# Apartment rentals in Australia



## Rubin I (Jul 24, 2008)

We are planning a trip to Australia in July/August 2009.  Will be staying in timeshare for 1 week, but want to rent an apartment (2 bedroom, kitchen) in Darwin and in Cairns areas.  Each rental would be for 4-5 days.  We find apartments to be much better and more economical than hotels.  Any suggestions regarding brokers, websites, area to avoid would be most welcome.


----------



## traceyjs (Jul 26, 2008)

Hi there.  Are you going to Darwin and Cairns, because they are a long long long long long way away from eachother!

I haven't been to Darwin, but have been a couple of times to Cairns - or palm cove.  Cairns is really just a city, but Palm Cove or Port Douglas which are close by and really gorgeous with nice places to stay.  

Not sure what websites to offer, but RCI here in Australia do have rentals in both places.  Have a look at rci website at the rentals, or reply and I'll have a look for you.

Cheers Tracey (living in Melbourne)


----------



## Canuck (Jul 26, 2008)

www.vrbo.com has a few condos in Cairns and Palm Cove (but not many).  

Port Douglas is much nicer then Cairns and I've heard Palm Cove is lovely as well.


----------



## traceyjs (Jul 26, 2008)

Canuck said:


> www.vrbo.com has a few condos in Cairns and Palm Cove (but not many).
> 
> Port Douglas is much nicer then Cairns and I've heard Palm Cove is lovely as well.

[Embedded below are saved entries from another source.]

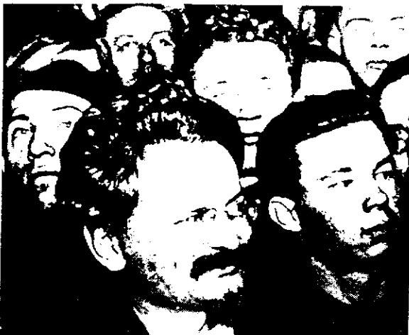
Trotsky leaves in 1928 for his third Siberian exile, this time in remote Alma-Ata.

This fight can now be brought to a conclusion with 'October's' in many countries. This is the real meaning of events in Eastern Europe.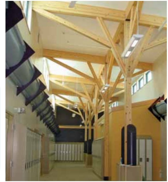
École secondaire de la Vérendrye

21 CIBP was a national financial incentive program in place from April 1998 to March 2007.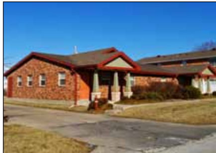
Image: The Columbia Housing Authority (CHA), as part of the renovation of its Columbia Square properties, added craftsman details to the facades of building to reflect the character of the surrounding neighborhood.

Ideas and their corresponding recommendations and implementation strategies are listed within each theme area according to the total number of votes they received from stakeholders during the prioritization phase of the planning process. The implementation strategies incorporate available programs, resources, and scheduled capital improvement items.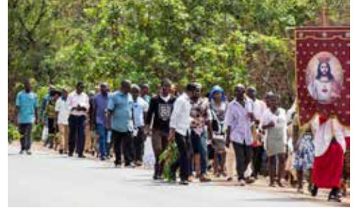
A procession in Enugu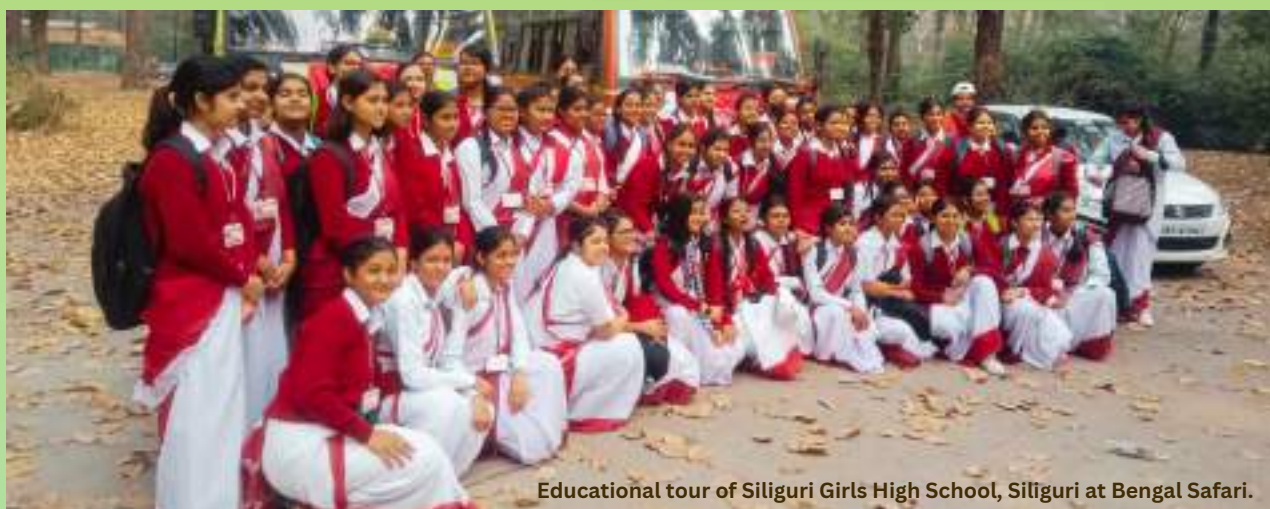
Educational tour of Siliguri Girls High School, Siliguri at Bengal Safari.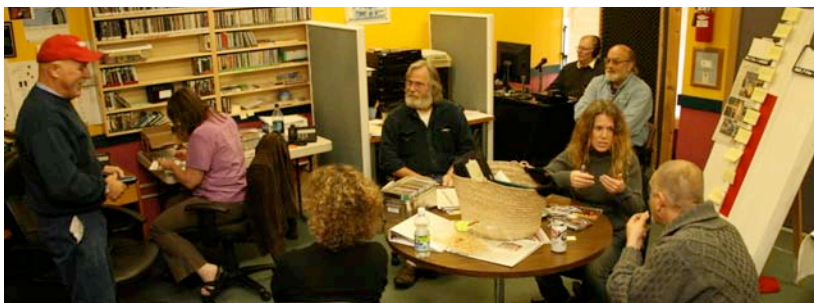
Volunteers support the success of KSER's spring 2007 pledge drive

KSER filed an application with the Federal Communications Commission (FCC) to build a new public radio station serving Whidbey Island, potentially doubling our audience and bringing community-centered public radio service to residents of Island County. The FCC window for applications was the first opportunity in seven years for a new public radio service in the Puget Sound. The frequency, 89.9FM, is the last non-commercial one available in the Puget Sound. It could take three to five years for the frequency to be granted, and the selected applicant will have up to three years to complete construction and begin broadcasting.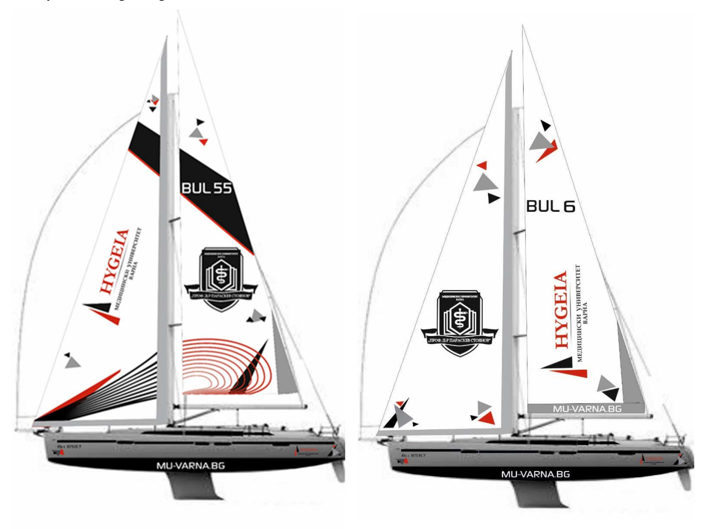
Fig. 8. Variant 5 and 6 / General appearance of the final variant "Hygeia"/.8

There were some triangle elements left that made the appearance of the sailboat effective and full of contrast in the basic colours black and red, adding a complementary grey colour for balance. The sailboat's logo which is characterized by a larger amount of text, is exposed on the main sail and is positioned next to the main mast in such a way that it does not allow deformation of the image as a result of the wind force. The logo of MU-Varna is written in black, white combination was positioned in an appropriate place which allows optimal stretching and spreading across a larger surface area. The reduction of additional details helped towards a greater distinction of the elements and solved the problem with the weight of the sails. The lines and triangles on the hull and the sails of the sailboat were placed with the aim to increase the sports appearance of the yacht, while the overall subdued shades and tones that brought light were projected in such a way that they enhanced the elegant and dynamic design. (Fig. 8).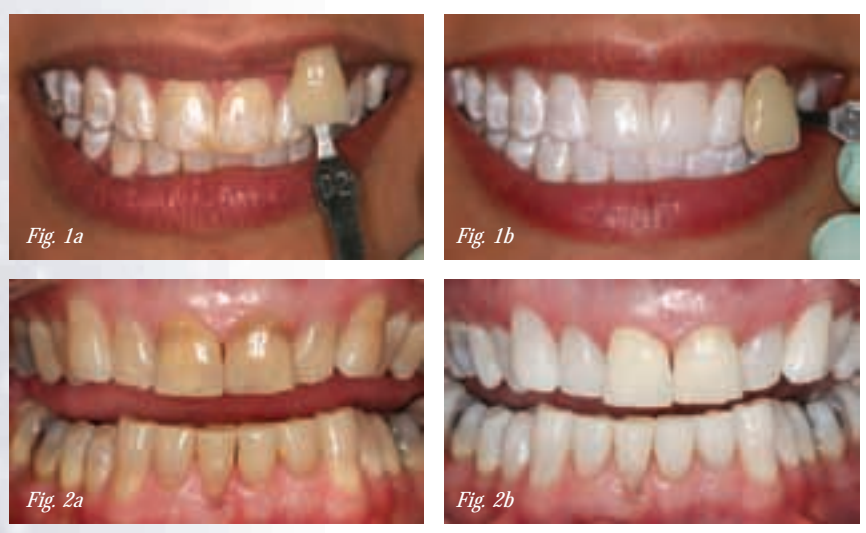
Figs. 1 & 2: Effective KöR Whitening results.

This is the big payoff. Don't step over the dollars to pick up the pennies. Impress those new patients and make them yours!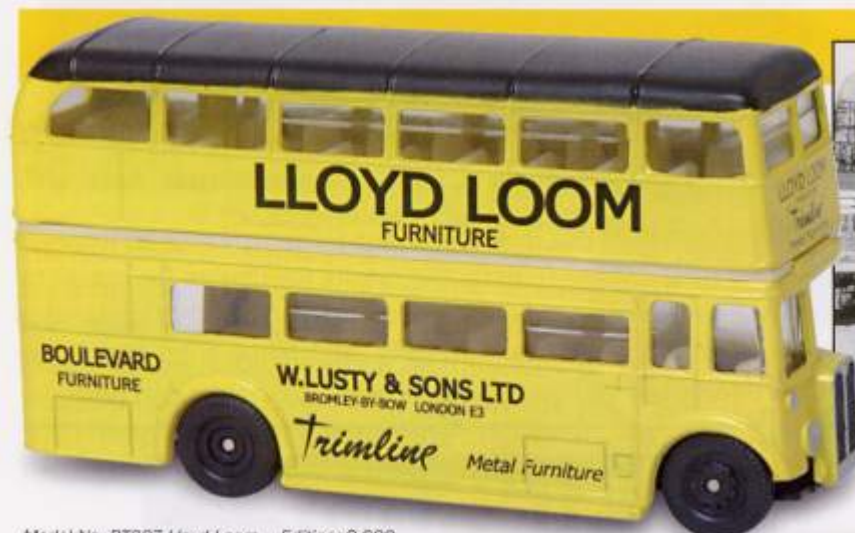
Model No. RT007 Lloyd Loom Edition: 2,000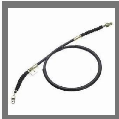
Bike Brake Cable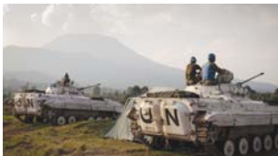
UN PEACEKEEPERS IN THE DEMOCRATIC REPUBLIC OF THE CONGO IN FEBRUARY 2013.

Although eight out of 15 United Nations peacekeeping operations are currently deployed in Africa, the UN Security Council has been reluctant to establish clear modalities for engagement with the African Union on such interventions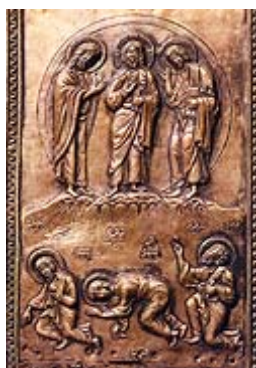
Transfiguration of The Cross August 06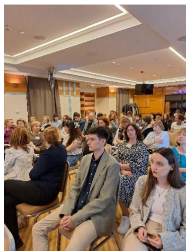
7th international CAP conference in Hotel Dubrovnik, Zagreb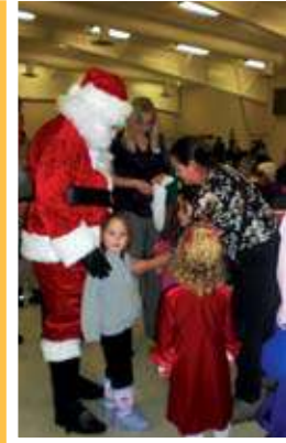
Bownesians enjoy a holiday celebration.

Despite the cold and snowy weather on December 5, 2009, a total of 360 community residents attended the First Annual Bowness Christmas Party. Fifty volunteers served turkey dinner complete with all the trimmings. Inspired by the Bowwest Community Resource Centre, the event was put together by a planning committee of members from seven local agencies, and the Bowness Community Association provided part of the funding. A highlight for many was the entertainment, with local youth sharing their musical talents. Santa Claus made an appearance after the dinner and provided treats for the 140 children in attendance. Attendees praised the wonderful community atmosphere of the event, and everyone agreed that this Community Christmas Party should become an annual event in Bowness.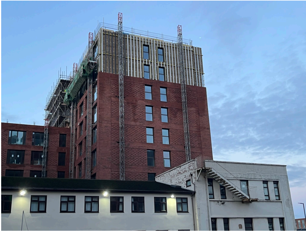
Block D Section A – Viewed from Crump Street

You are correct.  Port Douglas is much nicer than Cairns.  However, Palm Cove - which is between the two - is really something beautiful.  Depends on whether you mind quiet.  It's not difficult to get around though.  My choice would be Palm Cove for a quieter approach, or Port Douglas.  You can't really go wrong with either.


----------



## CarolF (Jul 27, 2008)

I can't help with specific websites for Cairns or Darwin but it would be worth doing a search in Tripadvisor and also have a look at the Lonely Planet forums (the Thorn Tree).

http://www.lonelyplanet.com/thorntree/index.jspa

http://www.tripadvisor.com/


----------



## Aussie girl (Jul 27, 2008)

http://www.tropicalaustralia.com.au/accommodation/apartments


----------



## Aussie girl (Jul 27, 2008)

http://www.queenslandholidays.com.au/accommodation/accommodation_home.cfm

Here is another website we use all the time. For Cairns and Palm Cove area  click on Tropical north Queensland.

Good luck,

Donna


----------